Dataset section:

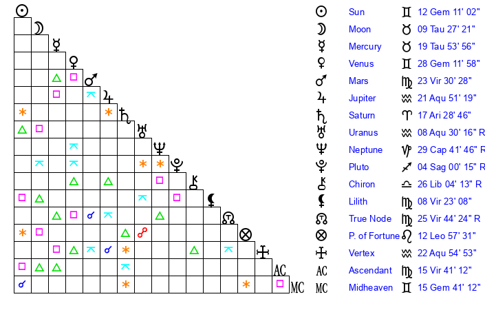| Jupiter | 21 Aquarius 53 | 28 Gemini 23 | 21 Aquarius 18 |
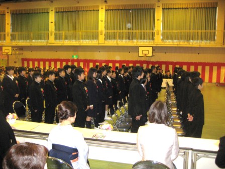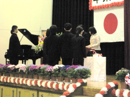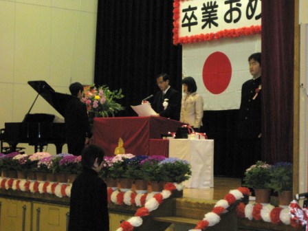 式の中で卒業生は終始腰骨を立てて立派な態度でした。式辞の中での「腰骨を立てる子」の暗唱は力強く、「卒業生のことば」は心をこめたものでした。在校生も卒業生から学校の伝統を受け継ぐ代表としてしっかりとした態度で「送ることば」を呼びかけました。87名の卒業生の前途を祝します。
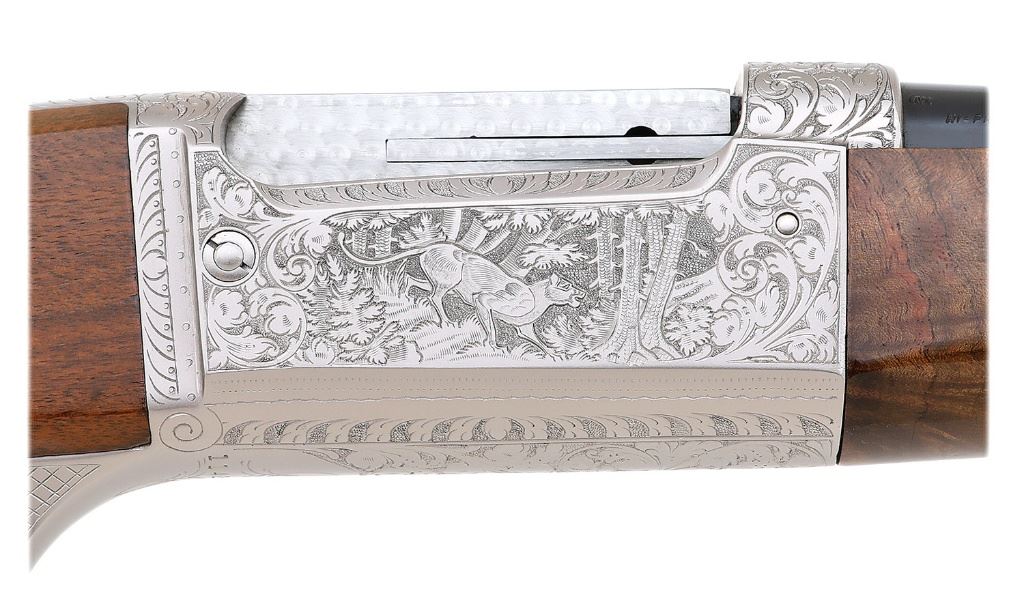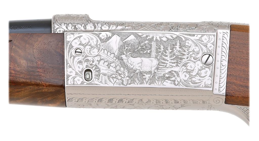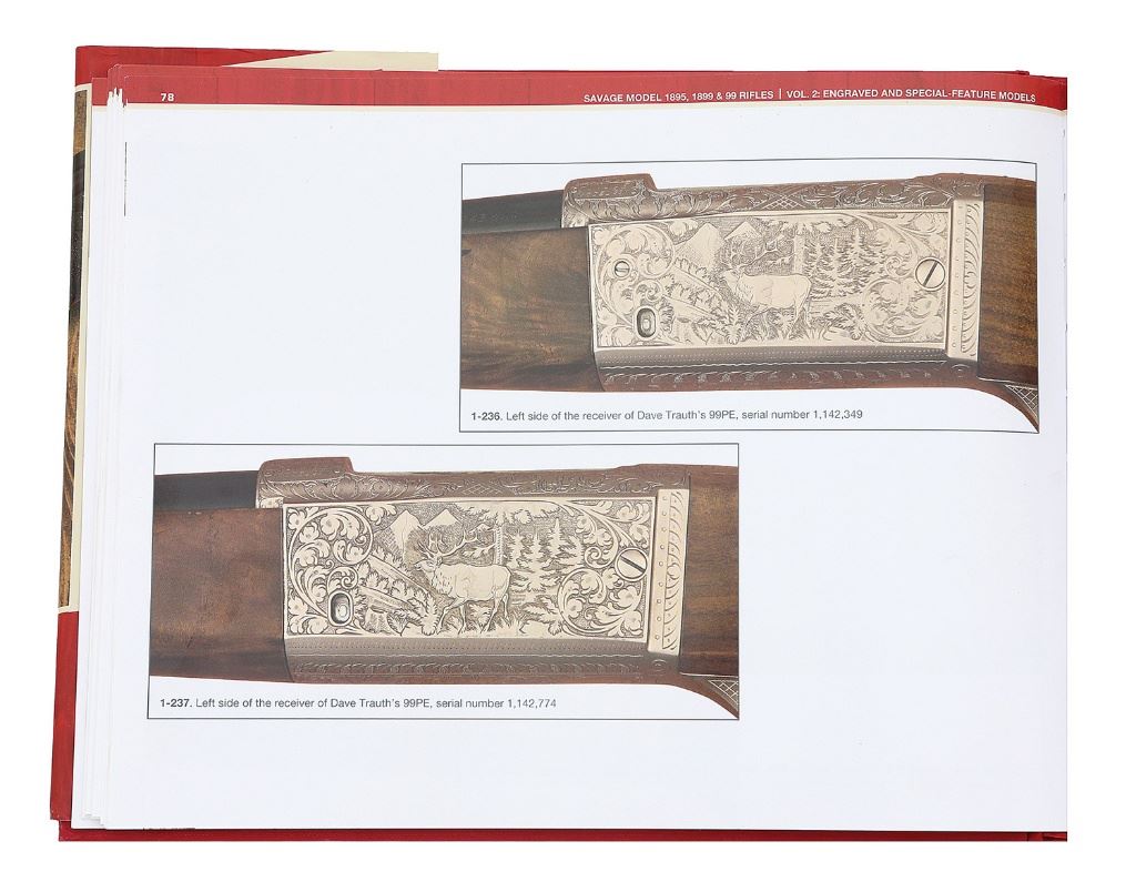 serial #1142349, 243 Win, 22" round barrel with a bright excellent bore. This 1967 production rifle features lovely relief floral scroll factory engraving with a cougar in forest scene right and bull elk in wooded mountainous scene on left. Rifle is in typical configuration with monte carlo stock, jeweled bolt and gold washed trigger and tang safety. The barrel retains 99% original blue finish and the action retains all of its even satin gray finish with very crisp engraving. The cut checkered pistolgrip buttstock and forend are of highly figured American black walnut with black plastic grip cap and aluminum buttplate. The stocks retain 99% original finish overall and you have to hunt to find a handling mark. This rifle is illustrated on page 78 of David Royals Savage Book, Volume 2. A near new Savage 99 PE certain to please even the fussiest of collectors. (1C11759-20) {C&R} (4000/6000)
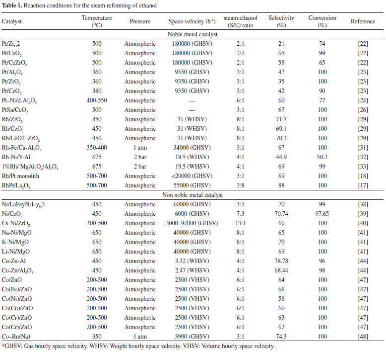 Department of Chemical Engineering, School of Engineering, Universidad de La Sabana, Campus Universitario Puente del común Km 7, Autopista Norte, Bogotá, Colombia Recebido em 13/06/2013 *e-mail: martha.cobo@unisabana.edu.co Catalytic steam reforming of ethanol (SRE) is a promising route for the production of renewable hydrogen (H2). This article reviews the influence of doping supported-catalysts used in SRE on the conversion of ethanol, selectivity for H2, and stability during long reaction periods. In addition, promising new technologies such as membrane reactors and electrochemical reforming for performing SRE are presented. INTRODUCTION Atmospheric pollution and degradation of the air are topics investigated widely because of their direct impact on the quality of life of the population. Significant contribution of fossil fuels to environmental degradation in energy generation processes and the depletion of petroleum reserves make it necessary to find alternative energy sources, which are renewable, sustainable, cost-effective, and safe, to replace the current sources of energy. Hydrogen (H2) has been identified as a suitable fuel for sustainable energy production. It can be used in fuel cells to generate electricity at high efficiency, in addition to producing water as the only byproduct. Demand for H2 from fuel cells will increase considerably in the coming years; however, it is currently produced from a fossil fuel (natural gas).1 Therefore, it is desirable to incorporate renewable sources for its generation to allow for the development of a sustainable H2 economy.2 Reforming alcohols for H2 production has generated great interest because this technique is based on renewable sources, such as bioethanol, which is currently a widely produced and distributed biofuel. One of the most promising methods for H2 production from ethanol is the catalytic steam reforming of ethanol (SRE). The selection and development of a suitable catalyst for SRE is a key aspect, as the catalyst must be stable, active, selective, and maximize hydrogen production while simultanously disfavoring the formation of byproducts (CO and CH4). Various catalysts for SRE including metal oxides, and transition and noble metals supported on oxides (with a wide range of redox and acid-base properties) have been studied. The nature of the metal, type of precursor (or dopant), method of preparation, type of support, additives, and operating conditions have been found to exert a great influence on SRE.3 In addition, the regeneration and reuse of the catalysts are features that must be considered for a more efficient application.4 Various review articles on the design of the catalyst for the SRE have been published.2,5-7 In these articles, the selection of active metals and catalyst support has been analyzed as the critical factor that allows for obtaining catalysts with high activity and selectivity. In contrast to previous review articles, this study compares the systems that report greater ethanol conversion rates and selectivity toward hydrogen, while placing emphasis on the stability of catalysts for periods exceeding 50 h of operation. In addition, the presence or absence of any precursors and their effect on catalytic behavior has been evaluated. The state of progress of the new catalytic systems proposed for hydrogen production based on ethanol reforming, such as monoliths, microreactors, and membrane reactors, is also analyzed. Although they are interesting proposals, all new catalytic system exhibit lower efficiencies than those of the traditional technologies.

Assignment:
Quote the data exactly, leaving every image out of the copy.

The completed task:
| Jupiter | 21 Aquarius 53 | 28 Gemini 23 | 21 Aquarius 18 |
 式の中で卒業生は終始腰骨を立てて立派な態度でした。式辞の中での「腰骨を立てる子」の暗唱は力強く、「卒業生のことば」は心をこめたものでした。在校生も卒業生から学校の伝統を受け継ぐ代表としてしっかりとした態度で「送ることば」を呼びかけました。87名の卒業生の前途を祝します。
 serial #1142349, 243 Win, 22" round barrel with a bright excellent bore. This 1967 production rifle features lovely relief floral scroll factory engraving with a cougar in forest scene right and bull elk in wooded mountainous scene on left. Rifle is in typical configuration with monte carlo stock, jeweled bolt and gold washed trigger and tang safety. The barrel retains 99% original blue finish and the action retains all of its even satin gray finish with very crisp engraving. The cut checkered pistolgrip buttstock and forend are of highly figured American black walnut with black plastic grip cap and aluminum buttplate. The stocks retain 99% original finish overall and you have to hunt to find a handling mark. This rifle is illustrated on page 78 of David Royals Savage Book, Volume 2. A near new Savage 99 PE certain to please even the fussiest of collectors. (1C11759-20) {C&R} (4000/6000)
 Department of Chemical Engineering, School of Engineering, Universidad de La Sabana, Campus Universitario Puente del común Km 7, Autopista Norte, Bogotá, Colombia Recebido em 13/06/2013 *e-mail: martha.cobo@unisabana.edu.co Catalytic steam reforming of ethanol (SRE) is a promising route for the production of renewable hydrogen (H2). This article reviews the influence of doping supported-catalysts used in SRE on the conversion of ethanol, selectivity for H2, and stability during long reaction periods. In addition, promising new technologies such as membrane reactors and electrochemical reforming for performing SRE are presented. INTRODUCTION Atmospheric pollution and degradation of the air are topics investigated widely because of their direct impact on the quality of life of the population. Significant contribution of fossil fuels to environmental degradation in energy generation processes and the depletion of petroleum reserves make it necessary to find alternative energy sources, which are renewable, sustainable, cost-effective, and safe, to replace the current sources of energy. Hydrogen (H2) has been identified as a suitable fuel for sustainable energy production. It can be used in fuel cells to generate electricity at high efficiency, in addition to producing water as the only byproduct. Demand for H2 from fuel cells will increase considerably in the coming years; however, it is currently produced from a fossil fuel (natural gas).1 Therefore, it is desirable to incorporate renewable sources for its generation to allow for the development of a sustainable H2 economy.2 Reforming alcohols for H2 production has generated great interest because this technique is based on renewable sources, such as bioethanol, which is currently a widely produced and distributed biofuel. One of the most promising methods for H2 production from ethanol is the catalytic steam reforming of ethanol (SRE). The selection and development of a suitable catalyst for SRE is a key aspect, as the catalyst must be stable, active, selective, and maximize hydrogen production while simultanously disfavoring the formation of byproducts (CO and CH4). Various catalysts for SRE including metal oxides, and transition and noble metals supported on oxides (with a wide range of redox and acid-base properties) have been studied. The nature of the metal, type of precursor (or dopant), method of preparation, type of support, additives, and operating conditions have been found to exert a great influence on SRE.3 In addition, the regeneration and reuse of the catalysts are features that must be considered for a more efficient application.4 Various review articles on the design of the catalyst for the SRE have been published.2,5-7 In these articles, the selection of active metals and catalyst support has been analyzed as the critical factor that allows for obtaining catalysts with high activity and selectivity. In contrast to previous review articles, this study compares the systems that report greater ethanol conversion rates and selectivity toward hydrogen, while placing emphasis on the stability of catalysts for periods exceeding 50 h of operation. In addition, the presence or absence of any precursors and their effect on catalytic behavior has been evaluated. The state of progress of the new catalytic systems proposed for hydrogen production based on ethanol reforming, such as monoliths, microreactors, and membrane reactors, is also analyzed. Although they are interesting proposals, all new catalytic system exhibit lower efficiencies than those of the traditional technologies.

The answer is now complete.